Material is the metaphor
Material Design is inspired by the physical world and its textures, including how they reflect light and cast shadows. Material surfaces reimagine the mediums of paper and ink.

We could take this literally in that LabVIEW was originally designed to make UIs that match instrument faces.

 

Bold, graphic, intentional
Material Design is guided by print design methods — typography, grids, space, scale, color, and imagery — to create hierarchy, meaning, and focus that immerse viewers in the experience.

This can be done with colors, panes, decorations, fonts, custom buttons. It isn't necessarily built in, and too much hierarchy can create issues, but it is available.

 

Motion provides meaning
Motion focuses attention and maintains continuity, through subtle feedback and coherent transitions. As elements appear on screen, they transform and reorganize the environment, with interactions generating new transformations.

This isn't really available in LabVIEW. Building motion into UI elements is difficult to do and does not work well.

 

Flexible foundation
The Material Design system is designed to enable brand expression. It’s integrated with a custom code base that allows the seamless implementation of components, plug-ins, and design elements.

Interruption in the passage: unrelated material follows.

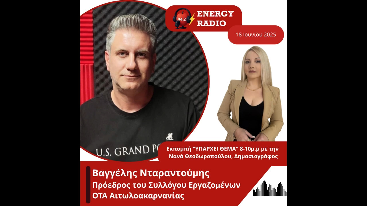 Συνέντευξη στον ραδιοφωνικό σταθμό Energy 94.2 και στην εκπομπή «ΥΠΑΡΧΕΙ ΘΕΜΑ» με την δημοσιογράφο Νανά Θεοδωροπούλου παραχώρησε o πρόεδρος του Συλλόγου Εργαζομένων ΟΤΑ Αιτωλοακαρνανίας Βαγγέλης Νταραντούμης σχετικά με τις γενικές συνελεύσεις που πραγματοποιήθηκαν σε όλους τους Δήμους με κύρια αιτήματα τη μόνιμη και σταθερή δουλειά για τους εργαζομένους, τις προσλήψεις προσωπικού, τον τερματισμό των ιδιωτικοποιήσεων δημοτικών υπηρεσιών.

This is the problem with the original version of Material Design. A lot of companies had problems making sure their app stood out in terms of UI. Some people say that a LabVIEW application always looks like a LabVIEW application. If LabVIEW provides the assets to make UIs, and you do not customize them, then it is likely that they will not be distinct from other systems. LabVIEW allows for an extremely flexible foundation, but without using tabs and panes, creating universal order and structure is not possible. In terms of providing a structured foundation, LabVIEW could improve.

 

Cross Platform

Material Design maintains the same UI across platforms, using shared components across Android, iOS, Flutter, and the web.

LabVIEW NXG Web VIs have some of this, and the ability to change the window size gives some help with this, but it isn't the greatest tool.